Rksh is used to set up login names and execution environments whose capabilities are more controlled than those of the standard shell. The actions of rksh are identical to those of ksh, except that the following are disallowed:

unsetting the restricted option
changing directory (see cd(1))
setting or unsetting the value or attributes of SHELL, ENV, FPATH, or PATH
specifying path or command names containing /
redirecting output (>, >|, <>, and >>)
adding or deleting built-in commands
using command -p to invoke a command

The restrictions above are enforced after .profile and the ENV files are interpreted.

When a command to be executed is found to be a shell procedure, rksh invokes ksh to execute it. Thus, it is possible to provide to the end-user shell procedures that have access to the full power of the standard shell, while imposing a limited menu of commands; this scheme assumes that the end-user does not have write and execute permissions in the same directory.

The net effect of these rules is that the writer of the .profile has complete control over user actions, by performing guaranteed setup actions and leaving the user in an appropriate directory (probably not the login directory).

The system administrator often sets up a directory of commands (e.g., /usr/rbin) that can be safely invoked by rksh.

EXIT STATUS

Errors detected by the shell, such as syntax errors, cause the shell to return a non-zero exit status. If the shell is being used non-interactively, then execution of the shell file is abandoned unless the error occurs inside a subshell in which case the subshell is abandoned.
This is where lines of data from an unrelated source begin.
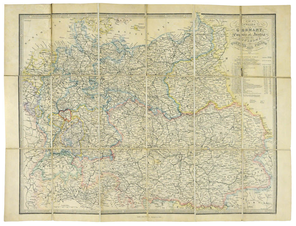 Hand-coloured engraved map, dissected and mounted on linen, torn along two folds ( not affecting the map image), a couple of small holes along folds, publisher's advert pasted to verso; folding into publisher's original red cloth covers, upper cover detached, publisher's label pasted to upper cover; overall a good copy.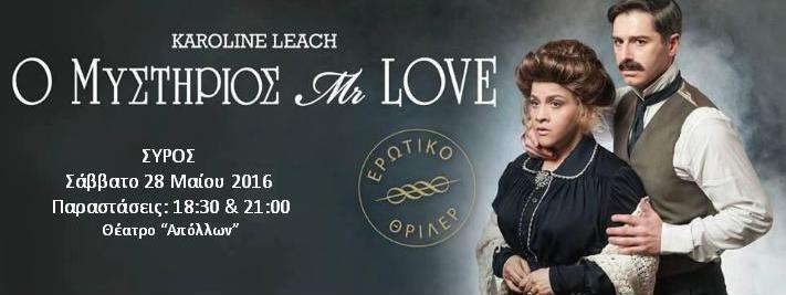 Στα δίχτυα του “Μυστήριου Mr. Love” θα πέσει το επόμενο Σάββατο το θεατρόφιλο κοινό της Σύρου, το οποίο υποδέχεται στο Θέατρο «Απόλλων» το ομώνυμο ερωτικό θρίλερ της Καρολάιν Λιτς με πρωταγωνιστές τον Αλέξανδρο Μπουρδούμη και τη Τζένη Διαγούπη.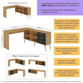 - 4 opções de montagem: formato reto ou em L (canto), com a mesa à esquerda ou à direita do balcão.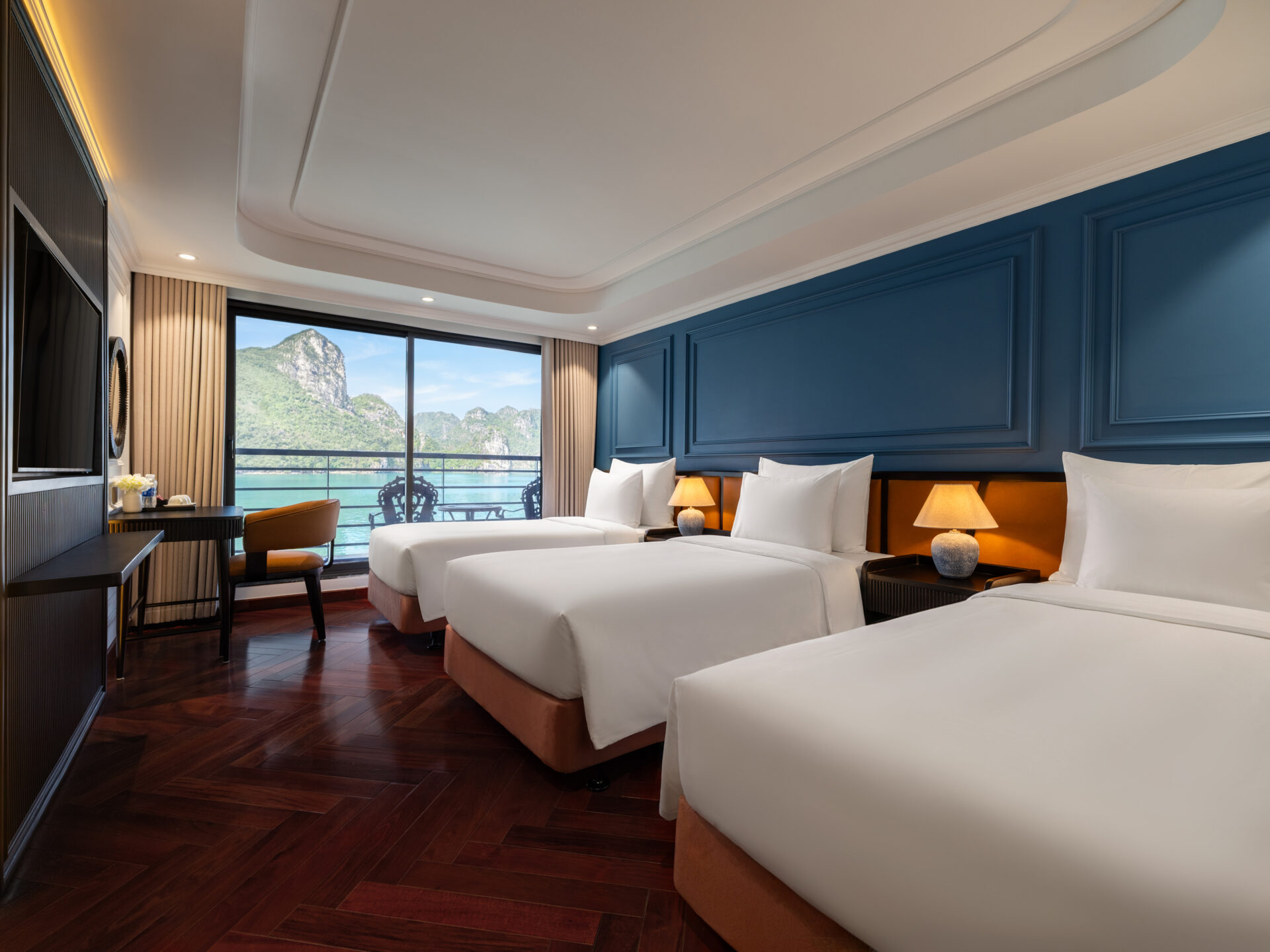 The ultimate luxury at sea, our Royal Family Suite offers an expansive 80m² of elegance and comfort. Perfect for families or groups, it features two spacious bedrooms, a large private balcony, floor-to-ceiling windows, and a stylish living area. With breathtaking bay views and top-class amenities, this suite promises an unforgettable cruising experience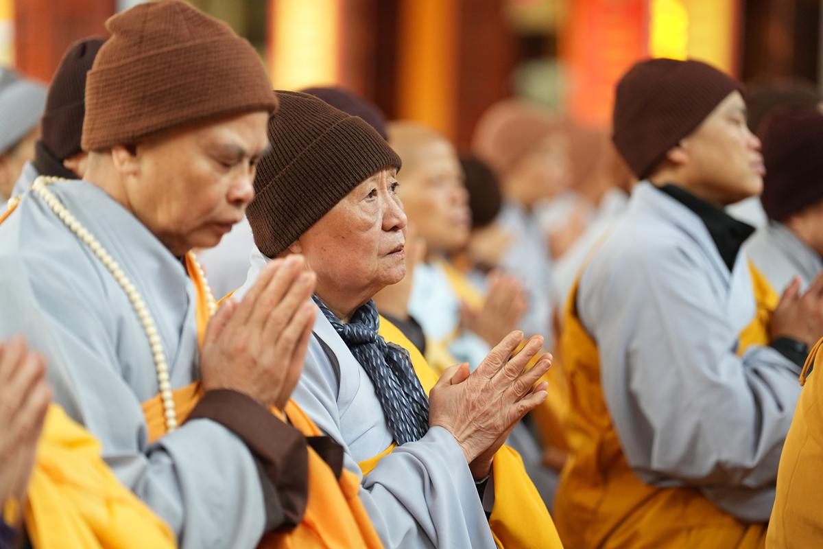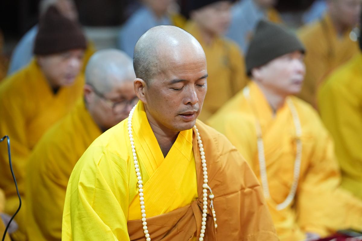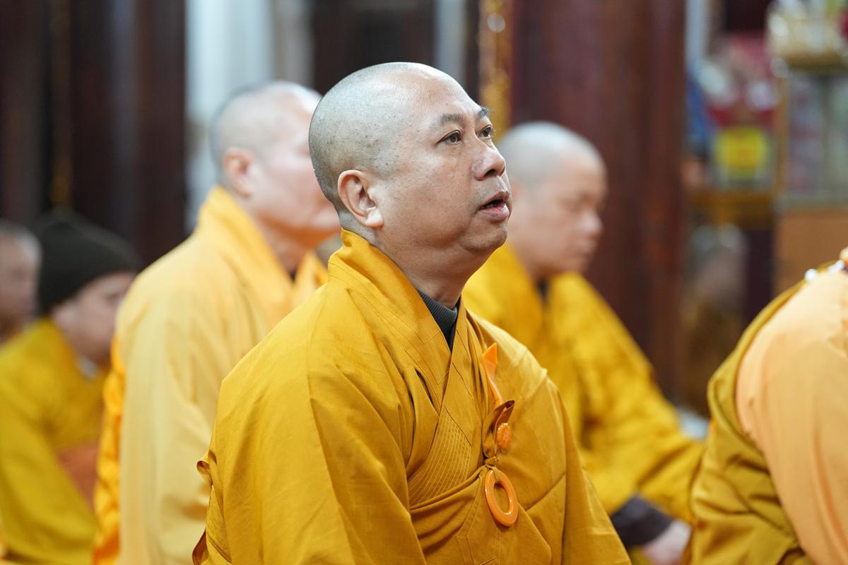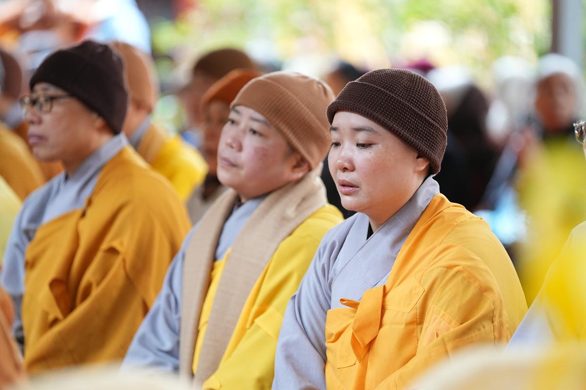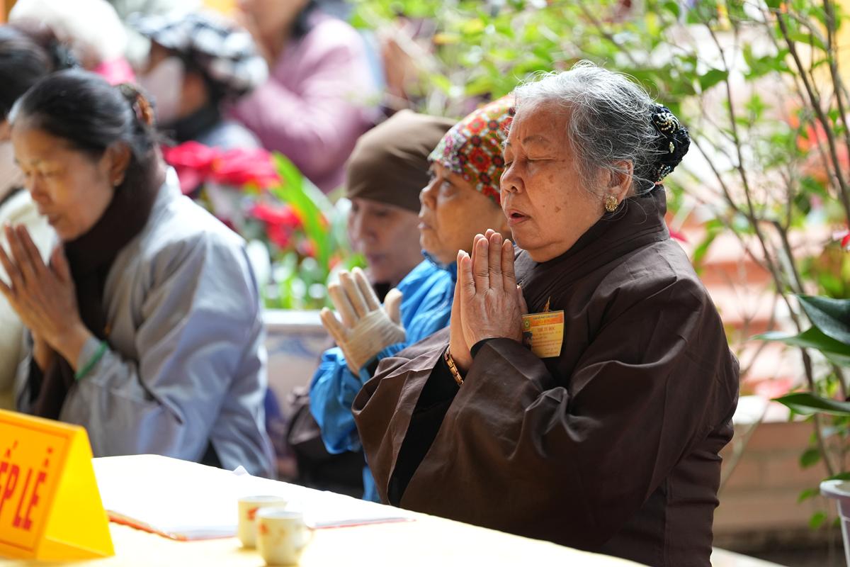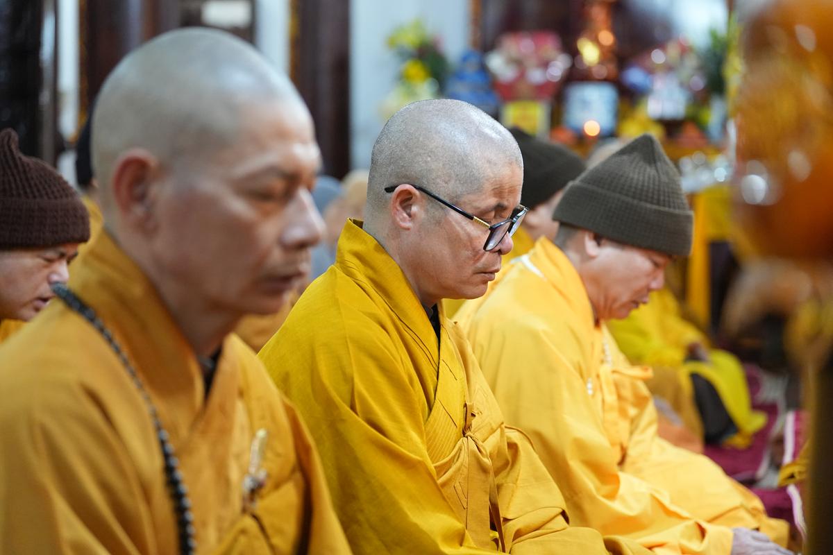 Tại chính điện và Tổ đường, chư Tôn đức đã trang nghiêm cử hành nghi thức cúng Phật và cúng Giác linh. Tiếp đó, chư Tôn đức Tăng Ni đã quang lâm Đại Hùng Bảo Điện, đồng tâm cử hành thời kinh A Di Đà, nhất tâm cầu nguyện cho Giác linh cố Ni trưởng cao đăng thượng phẩm, quả chứng vô sinh, sớm hồi quy Tịnh cảnh.

Otherwise, the shell returns the exit status of the last command executed (see also the exit command above). Run time errors detected by the shell are reported by printing the command or function name and the error condition. If the line number that the error occurred on is greater than one, then the line number is also printed in square brackets ([]) after the command or function name.

FILES

/etc/profile
The system wide initialization file, executed for login shells.
$HOME/.profile
The personal initialization file, executed for login shells after /etc/profile.
$HOME/.kshrc
Default personal initialization file, executed for interactive shells when ENV is not set.
/etc/suid_profile
Alternative initialization file, executed instead of the personal initialization file when the real and effective user or group ID do not match.
/dev/null
The null device.

SEE ALSO

cat(1), cd(1), chmod(1), cut(1), date(1), echo(1), emacs(1), env(1), gmacs(1), grep(1), stty(1), test(1), umask(1), vi(1), dup(2), exec(2), fork(2), getpwnam(3), ioctl(2), lseek(2), paste(1), pathconf(2), pipe(2), sysconf(3), umask(2), ulimit(2), wait(2), strftime(3), wctrans(3), rand(3), profile(5), environ(7).

Morris I. Bolsky and David G. Korn, The New KornShell Command and Programming Language, Prentice Hall, 1995.

POSIX - Part 2: Shell and Utilities, IEEE Std 1003.2-1992, ISO/IEC 9945-2, IEEE, 1993.

CAVEATS

If a command is executed, and then a command with the same name is installed in a directory in the search path before the directory where the original command was found, the shell will continue to exec the original command. Use the hash command or the -t option of the alias command to correct this situation.

Using the hist built-in command within a compound command will cause the whole command to disappear from the history file.

The built-in command . file reads the whole file before any commands are executed. Therefore, alias and unalias commands in the file will not apply to any commands defined in the file.

Traps are not processed while a job is waiting for a foreground process. Thus, a trap on CHLD won't be executed until the foreground job terminates.

In locales that use a multibyte character set such as UTF-8, the KEYBD trap is only triggered for ASCII characters (1-127).

It is a good idea to leave a space after the comma operator in arithmetic expressions to prevent the comma from being interpreted as the decimal point character in certain locales.